Jazz, film, and improvised culture.

Monday, July 29, 2013

Trueba’s The Artist and the Model

While it is not exactly Casablanca, plenty of war refugees will find their way to this French Pyrenees village.  Some are fleeing the German occupiers, but Mercè has escaped from one of Franco’s prison camps on the other side of the border.  However, she has the perfect look for sculptor Marc Cros.  His creative inspiration will flow once again as they share a mutual respite from war and the other messy concerns of life in Fernando Trueba’s The Artist and the Model (trailer here), which opens this Friday in New York.

Despite her bedraggled condition, Cros’s indulgent wife Léa recognizes Mercè as her husband classic model-type. He too comes to agree after Madame Cros cleans and feeds the young woman.  Soon they are off to his remote mountain studio, where she will earn her keep modeling for the man who considers Matisse a close friend and colleague.  He had essentially withdrawn from life, so any spark she might kindle will be all to the good.  After all, Cros is eighty years old and decidedly world weary.  Yet, as they while away the hours in amid the natural beauty of his rustic lodge, she re-awakens his passions as an artist and a man.

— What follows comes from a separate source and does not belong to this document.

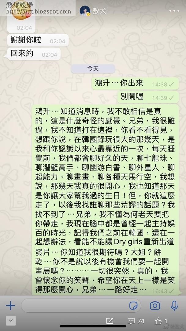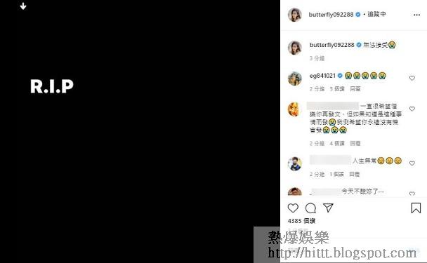 被爆與羅志祥有長期不正當男女關係的「蝴蝶姐姐」愷樂,潛水5個月後蒲頭發文悼念。而徐熙娣(小S)、陳妍希、賈靜雯與修杰楷亦有上載黑色畫面,留言表示無法接受。好友敖犬上載WhatsApp於社交網,見只有單剔,即對方沒有收到訊息,令人心傷!

The lulling effect of their temporary oasis is so seductive, viewers are apt to lose sight of Trueba’s wartime setting.  Occasionally, events intrude on their idyllic interlude, such as Werner, an upper class German officer and art historian, who has been writing the definitive book on Cros.  He is an intriguing character Götz Otto never really has adequate time to explore.

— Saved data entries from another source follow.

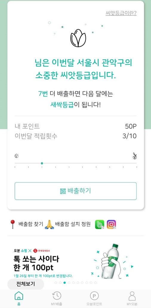 그렇게 페트병 분리수거를 실천하고 있는데 주민센터에 무려 페트병 수거 기계가 생겼다. '오늘의 분리수거' 앱을 깔아 사용할 수 있는 기계였는데, 노스페이스에서 가져가 의류 원단으로 업사이클링하는 모양이었다. 우리 구의 주요 사업에 환경 부문이 나름 들어가 있다는 사실도 알게 됐지. 어플을 사용해 페트병을 수거함에 넣으면 포인트를 주었고, 포인트를 모으면 우유나 피자 등을 어플 내에서 살 수 있었다. 리워드를 택배로 배송하는 게 좀 마음에 걸리기는 하지만(고작 하늘보리 한 병을 위한 택배라면 그 탄소발자국은 또 어째!) 나름 참여자의 구미를 당기는 좋은 방법이긴 했다.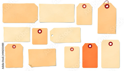 collection of blank old sticker, label, price tag template for mockup. isolated dirty, ripped, half peeled stickers, vector style. with white shades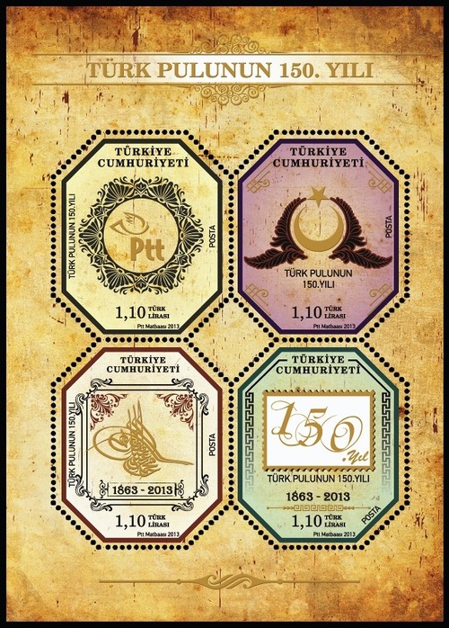 A Turkish postal stamp published for the 150th anniversary of the Turkish Post.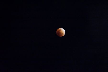 夜9時前に月が黒く欠け始め部分食となり、10時前に完全に影で覆われ、皆既食状態となる。

Aside from Claudia Cardinale’s wonderfully wise and mature appearance as Léa Cros, A & M is essentially a two-hander, featuring two enormously photogenic co-leads.  It is impossible to stifle a sigh when gazing at Jean Rochfort’s deeply creased face and profoundly sad eyes.  Conversely, Aida Folch’s Mercè looks as if she might have stepped out of a Renoir painting.  Yet, she has a darker, more mature presence than the coquettish Christa Théret in Gilles Bourdos’s Renoir, an obvious comparison film.

For Trueba, A & M represents a triumph of mise-en-scène, worthy of an artist like Cros.  Indeed, Daniel Vilar’s black-and-white cinematography is truly exquisite and every richly detailed corner of Cros’s studio sets could be the subject of a rewarding still life.  Clearly, Trueba privileges on-screen composition over narrative in his hothouse fable.  It is definitely a slow burner, with the emphasis on slow, but that is not necessarily a bad thing.  Lovely to look at, The Artist and the Model is recommended for mature viewers who appreciate the manner Trueba intertwines the melancholy and the erotic.  It opens this Friday (8/2) in New York at the Paris Theatre.